They also argued they are being denied due process, because they are not given the right to show they do not need the vaccine because of natural immunity. Further, they asserted it is almost impossible to obtain a religious exemption.
According to Plaintiffs, requiring them to be vaccinated and submit to regular testing as a condition of employment infringes their fundamental right to bodily autonomy. More specifically, Plaintiffs argue that the vaccination and testing requirements violate the fundamental right to refuse unwanted medical treatment as articulated in Cruzan v. Director, Missouri Department of Health, 497 U.S. 261 (1990) and Washington v. Harper, 495 U.S. 210 (1990). From this, they assert that, because they have identified a fundamental right at stake, the Supreme Court’s decisions in Roe v. Wade, 410 U.S. 113 (1973) and Planned Parenthood of Southeastern Pennsylvania v. Casey, 505 U.S. 833 (1992), require the Court to apply strict scrutiny to the vaccination orders. […]

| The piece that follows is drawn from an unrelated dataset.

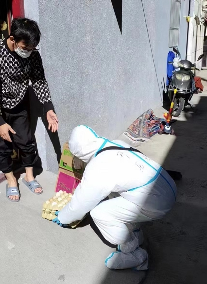 在下沉服務中,尼瑪?shù)弥鐓^(qū)里一位名為次仁卓瑪?shù)呐⑸顕乐乩щy,立刻前往幫助。據(jù)了解,次仁卓瑪來自林芝市工布江達縣,因疫情暫時滯留在拉薩。她的母親和姑姑因病在拉薩市人民醫(yī)院就醫(yī),年邁的奶奶隨行照顧。父親和哥哥也去了方艙,留下她跟一位親戚居家隔離。這些日子,靠著政府免費發(fā)放的大米、糌粑維持生活。生活的窘迫,讓女孩幾度哽咽。尼瑪安慰鼓勵道:“孩子,困難是暫時的,你作為家里唯一的大學生,不能被打倒,你要堅強起來。我們是人民政府派來的志愿者,我們會想辦法解決困難,孩子要笑起來,相信勝利很快就能到來!”隨后,尼瑪和楊俊生為其愛心捐款1000元,劉青松為其送去蔬菜、雞蛋等生活物資。寬心的話語、暖心的行動,讓這個堅強的女孩,露出了格?;ò銧N爛的笑容。
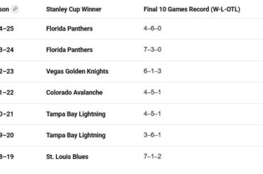 7 derniers matchs des vainqueurs de la Coupe Stanley 10 derniers matchs de la saison régulière — _CakeFartz_

As an initial matter, Plaintiffs’ argument that the Defendants’ vaccine orders infringe their fundamental right to bodily autonomy runs squarely in the face of the Seventh Circuit’s recent decision in Klaassen v. Trustees of Indiana University, 7 F.4th 592 (7th Cir. 2021). There, the Seventh Circuit upheld Indiana University’s recent vaccination, masking, and testing requirements against a challenge from a group of students, who asserted nearly identical substantive due process claims. … The students, like Plaintiffs here, argued that the vaccine requirement comprised an invasion of bodily privacy that merited strict scrutiny.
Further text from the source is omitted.